Vimeo, the IAC-owned platform for hosting, sharing and monetizing streamed video, has made an acquisition to expand into providing more creation and editing tools. The company has acquired Magisto, a startup founded in Israel that currently has over 100 million users that focuses on providing tools to create and edit short-form videos, providing not just editing but sourcing of music, stock photos and other elements as part of the mix.
Vimeo — which itself has 90 million members in over 150 countries — says that the two will work together “to develop entirely new short-form video creation capabilities for the Vimeo platform, with the goal of helping any individual or business tell their stories with professionalism and ease.”
Terms of the deal were not disclosed — but we are trying to find out. Magisto had raised around $23 million since 2010 from a mix of financial and strategic investors. The list includes Magma Venture Parnters, Horizons Ventures, Kreos Capital, Qualcomm, SanDisk and the Mail.Ru Group. Notably, it hadn’t raised any funding since 2014, according to Pitchbook data. The deal is set to close in Q2 of this year.
Magisto has around 75 employees in California and Israel, all of which are coming over with the deal.
The deal underscore’s Vimeo’s strategy to position itself as a one-stop shop for companies or individuals that publish videos online — either as part of publicity campaigns or as the basis of a bigger project. The idea is that this will help Vimeo get bigger margins per customer by providing more services. Today, Vimeo’s pricing starts at free for its basic membership, with five paid tiers starting $7 per month and extending up to $75 per month (if billed annually; the price is higher if you pay monthly) that vary in terms of how much video you can store, how many users you can have on your account, as well as enhanced video playing, privacy, collaboration and distribution features.
Magisto, meanwhile, has three tiers of service, priced at $4.99, $9.99 or $34.99 per month, depending on whether you want longer video, more editing tools (including stock music and photos), or higher quality video downloads, among other bells and whistles.
It’s about time that Vimeo worked to capitalise on what it already offers. In an age where some of the most popular services online are streaming media sites like YouTube, broadband connectivity is ubiquitous, and people are always on the go, video has become one of the primary ways that people express themselves, and get the word out.
“Social media has sparked an insatiable demand for video – audiences today expect high-quality video content from every business, regardless of size or budget. But we’ve found that most small businesses don’t have the tools, resources or expertise to meet this increased demand,” said Anjali Sud, CEO of Vimeo, in a statement. “Magisto’s proprietary technology enables cutting edge mobile apps and AI-powered editing tools which, combined with Vimeo’s scale and unmatched creator community, will empower more people to tell compelling stories through video.”

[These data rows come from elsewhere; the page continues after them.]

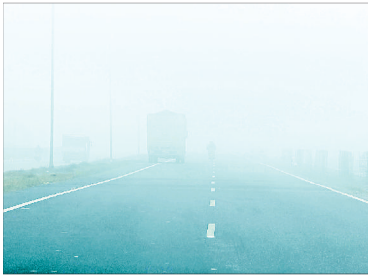
सोनीपत। गोहाना बाईपास पर सुबह के समय छाया कोहरा।

गया, जिससे सड़कों पर दृश्यता काफी कम हो गई। कई स्थानों पर वाहन चालकों को हेडलाइट और फॉग लाइट का सहारा लेना पड़ा। हाईवे और प्रमुख सड़कों पर रफ्तार धीमी रही। कोहरे के कारण कुछ देर के लिए यातायात भी प्रभावित हुआ। हालांकि किसी बड़े हादसे की सूचना नहीं मिली। सुबह करीब 11 बजे के बाद कोहरा धीरे-धीरे छंटना शुरू हुआ और धूप निकलने से लोगों को कुछ राहत मिली। धूप निकलते ही बाजारों और सार्वजनिक स्थानों पर लोगों की आवाजाही बढ़ी। हालांकि ठंडी हवा चलने के कारण दिन भर ठंड का अहसास बना रहा। दिन के समय करीब पांच किलोमीटर प्रति घंटा की रफ्तार से हवा चलती रही, जिससे तापमान में खास बढ़ोतरी नहीं हो सकी।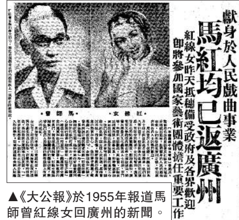
▲《大公報》於1955年報道馬師曾紅線女回廣州的新聞。

觀眾眼前。《大公報》於1983年報道了紅線女由穗抵港的消息，在《歡樂滿東華》節目中與新馬師曾合作進行義演籌款。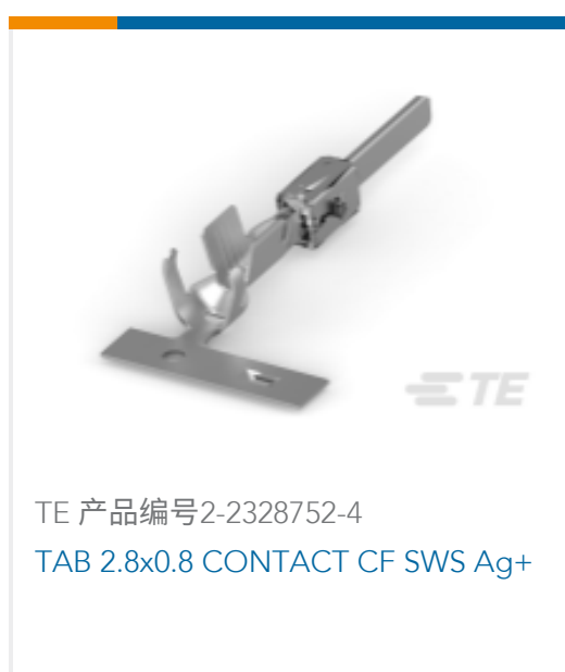
TE 产品编号2-2328752-4 TAB 2.8x0.8 CONTACT CF SWS Ag+

In addition to developing new tools, Vimeo said that Magisto will be getting a Vimeo integration in order to publish and monetize videos that they create on Magisto currently.
The two already have a lot of synergy as they both tap the same customer base: smaller customers that are turning to video and online tools to create it to get the word out about themselves, without the big budgets and other pricey resources that larger businesses might have.

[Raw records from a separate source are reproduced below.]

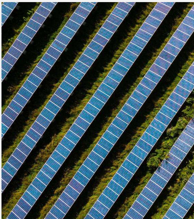
ניקוי שדות סולאריים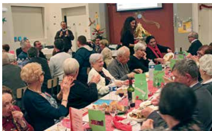
→ En 2015, à la salle Maréchal.

Tout d'abord entre les bénévoles issus des différentes Églises : rencontres qui nous permettent de mieux nous connaître, de mieux nous comprendre, de travailler ensemble dans le respect de nos différences, de vivre un temps de partage et de service. Rencontre aussi de ceux qui, chaque année, souhaitent nous aider (commerçants, chauffeurs, services municipaux, élèves...). Rencontre bien sûr des personnes qui acceptent notre invitation : visite préalable à leur domicile, temps de convivialité pendant la soirée où les participants échangent, chantent, font preuve de solidarité, visite ultérieure avec apport de photos souvenirs.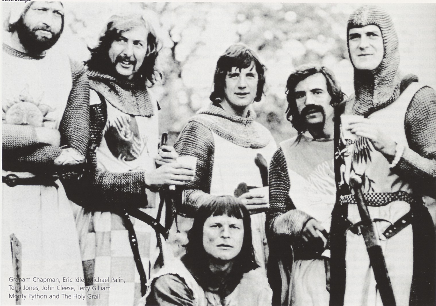
Graham Chapman, Eric Idle, Michael Palin, Terry Jones, John Cleese, Terry Gilliam Monty Python and The Holy Grail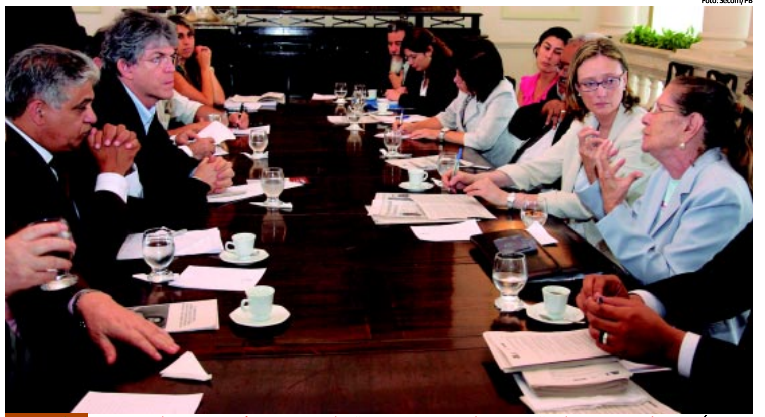
REUNIÃO Governador garante à ministra adesão a programas de proteção de testemunhas PÁGINA 3

como principal objetivo racionalizar custos e melhorar. Outra medida do gestor foi destinar 20% dos cargos comissionados do governo que passarão a ser ocupados por efetivos. PÁGINA 4

“Magisto guides entrepreneurs and small business owners through the video storytelling process, helping them use video effectively to grow their business and engage with audiences,” said Oren Boiman, founder and CEO of Magisto. “We level the playing field so that any business can move fast and compete in today’s video-first world. We’re thrilled to join Vimeo’s industry-leading platform, and to power their vision to make professional quality video creation accessible to all.”
This is Vimeo’s fifth acquisition, according to Crunchbase, and it’s the first in nearly two years, after Vimeo acquired Livestream in September 2017.